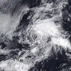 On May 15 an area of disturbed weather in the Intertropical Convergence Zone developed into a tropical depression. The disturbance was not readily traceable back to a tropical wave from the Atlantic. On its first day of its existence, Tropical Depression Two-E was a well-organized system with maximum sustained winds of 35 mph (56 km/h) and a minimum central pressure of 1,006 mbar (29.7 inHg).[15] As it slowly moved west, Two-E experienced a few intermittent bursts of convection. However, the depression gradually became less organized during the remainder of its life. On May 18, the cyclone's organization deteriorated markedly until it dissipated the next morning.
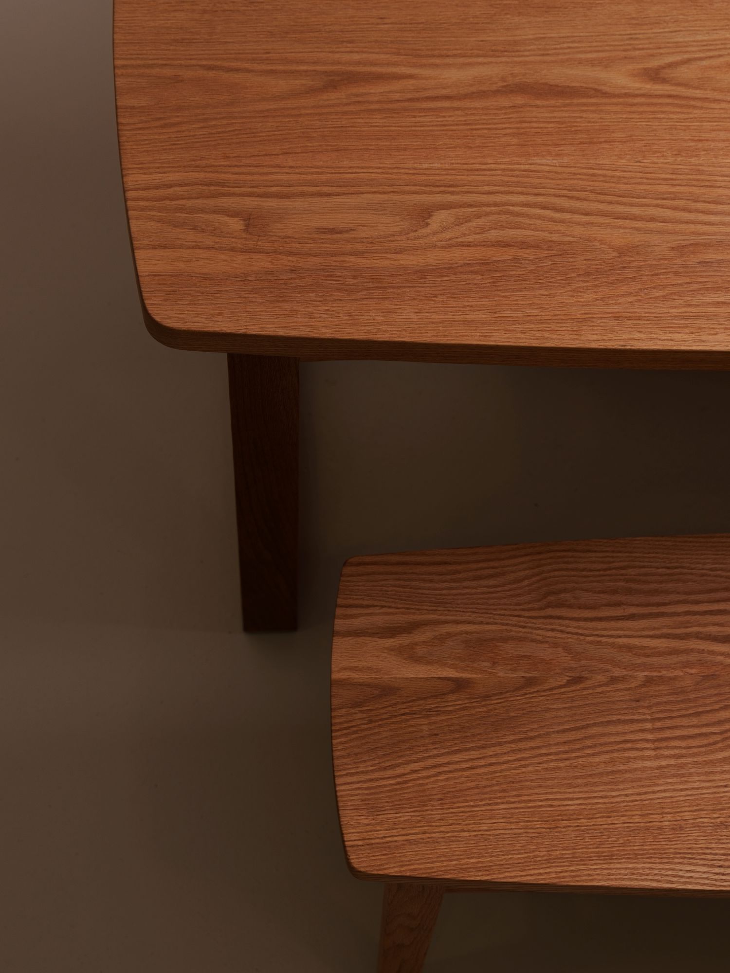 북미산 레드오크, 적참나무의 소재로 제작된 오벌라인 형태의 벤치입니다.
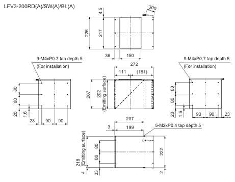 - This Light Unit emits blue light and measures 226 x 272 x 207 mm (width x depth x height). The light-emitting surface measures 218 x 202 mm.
※ ※ ※
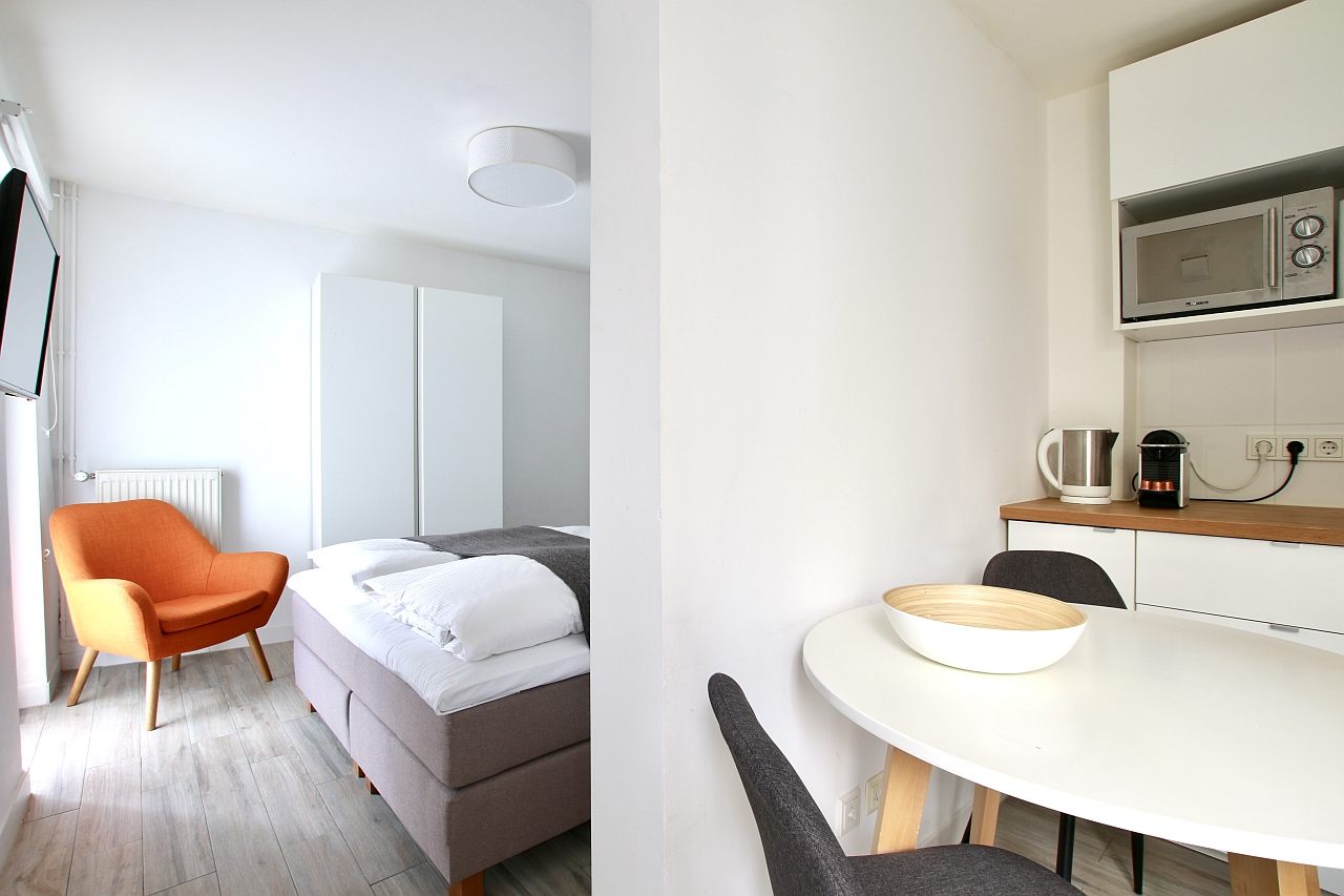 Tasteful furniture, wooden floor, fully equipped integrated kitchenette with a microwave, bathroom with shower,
※ ※ ※
Starting at the line above that holds "On May 15 an", return each line up to and including the one that holds "- This Light", exactly as written, minus any pictures.

 On May 15 an area of disturbed weather in the Intertropical Convergence Zone developed into a tropical depression. The disturbance was not readily traceable back to a tropical wave from the Atlantic. On its first day of its existence, Tropical Depression Two-E was a well-organized system with maximum sustained winds of 35 mph (56 km/h) and a minimum central pressure of 1,006 mbar (29.7 inHg).[15] As it slowly moved west, Two-E experienced a few intermittent bursts of convection. However, the depression gradually became less organized during the remainder of its life. On May 18, the cyclone's organization deteriorated markedly until it dissipated the next morning.
 북미산 레드오크, 적참나무의 소재로 제작된 오벌라인 형태의 벤치입니다.
 - This Light Unit emits blue light and measures 226 x 272 x 207 mm (width x depth x height). The light-emitting surface measures 218 x 202 mm.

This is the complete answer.